Clean growth should be the cornerstone of post-Brexit trade strategy

wind_smallfileThis post was first published by Business Green.

The government may be wavering about the Brexit negotiations but it has, at least, been clear about its vision for Britain’s role after Brexit. Theresa May wants “us to be a truly Global Britain, best friend and neighbour to our European partners, but a country that reaches beyond the borders of Europe too.” And, under trade minister Liam Fox, the Department of International Trade sees the country’s new role as a global beacon of free trade.

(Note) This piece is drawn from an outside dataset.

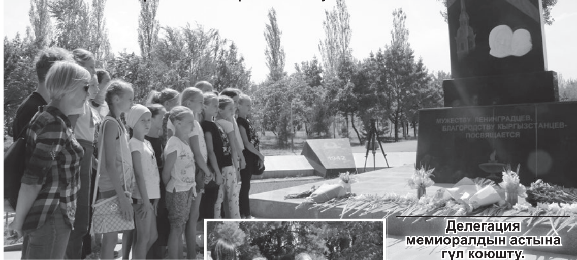
Делегация мемориалдын астына гүл коюшту.

Санкт-Петербург шаарынын “Экран” спорттук мектебинин командасы учуп кетүү алдында легендага айланган аялдын мемориалына гүл коюшту.
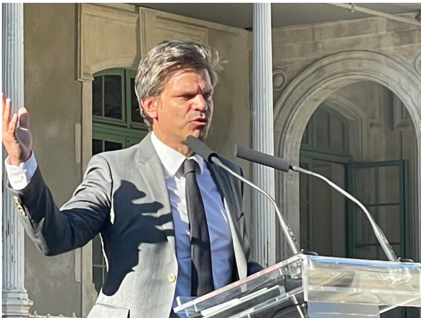
Benoît Delaunay Copyright MMH

But, to achieve this, the UK will have to capitalise on expertise in the low carbon goods and services sector which contributed over £42 billion to the UK economy in 2015 and which, according to recent ONS figures, is growing three times faster than the rest of the economy. As demand for low carbon transport, offshore wind and other energy services is expected to grow worldwide over the coming decade, there are great export opportunities not to be missed.

A global standard setter
To make the most of these opportunities, the UK will have to consider carefully how it negotiates free trade agreements with the EU and the rest of the world.

In a recent published Green Alliance report, we recommend a trade strategy that allows the UK to maintain high standards using the ambitions set out in the clean growth and industrial strategies as the basis for future trade deals.

In his recent speech, Boris Johnson suggested the UK “should be thinking not of EU standards but of global standards”. But, given the EU’s economic might as a driver of global standards, we can’t afford not to think about them. In fact, Britain should be participating actively in EU standard setting and pushing for the adoption of its own higher standards at EU level.

Conceding to lower standards might make it easier to close deals quickly with countries like the US, China and India, but this would scupper a significant economic opportunity for the long term, which was readily acknowledged in last week’s speech by Labour leader Jeremy Corbyn. And, in her speech on Friday, Theresa May committed to ensuring that British standards remain as high as the EU’s to prevent loss of economic opportunity and the environmental consequences of a race to the bottom.

Staying on good terms
Despite ambitions to do deals with far-flung countries, a close relationship with our European neighbours would help to keep UK clean growth on track. Not least, because over half of our existing low carbon trade is with the EU.

What would a close relationship with the EU on low carbon trade look like post-Brexit? Industry and investors would have greater certainty in making their plans if, for instance, we continued to participate fully in the internal energy market and its rule making bodies, and if we retained membership of the EU emissions trading scheme.

We should also continue to access cheap finance from European sources, like the European Investment Bank, for domestic energy infrastructure during the transition period. The period of status quo offered by a transition period will also allow us more time to negotiate an agreement on, amongst other things, EU market access for British low carbon goods and services and decide whether to continue participating in the internal energy market and other bodies.

Harmony is cheaper
Harmonisation with EU regulations would keep bureaucracy and business costs down in the years after the transition period. Trade in electricity is an obvious area where this applies, as EU member states and countries in the European Economic Area are the UK’s only possible trading partners. But, for other areas, complete harmonisation will not always be necessary, because the same goals can be achieved in different ways.

To avoid trade barriers, we recommend a framework that allows for regulatory divergence, with appropriate monitoring, compliance and dispute resolution mechanisms. Regulatory equivalence in areas like state aid, industrial emissions and green finance are critical for effective cross border trading. Under such an arrangement, both parties would agree to accept each other’s standards and regulations as long as they achieve similar goals.

If we want to be a leader in free trade, and achieve our domestic and international clean growth ambitions, the aspirations for both will have to be aligned. Harmonising our regulations with the EU in areas where the EU is a global leader, and agreeing on regulatory equivalence in other areas, will give us the flexibility to look beyond Europe for trade deals and ensure that UK businesses will still have access to their biggest market.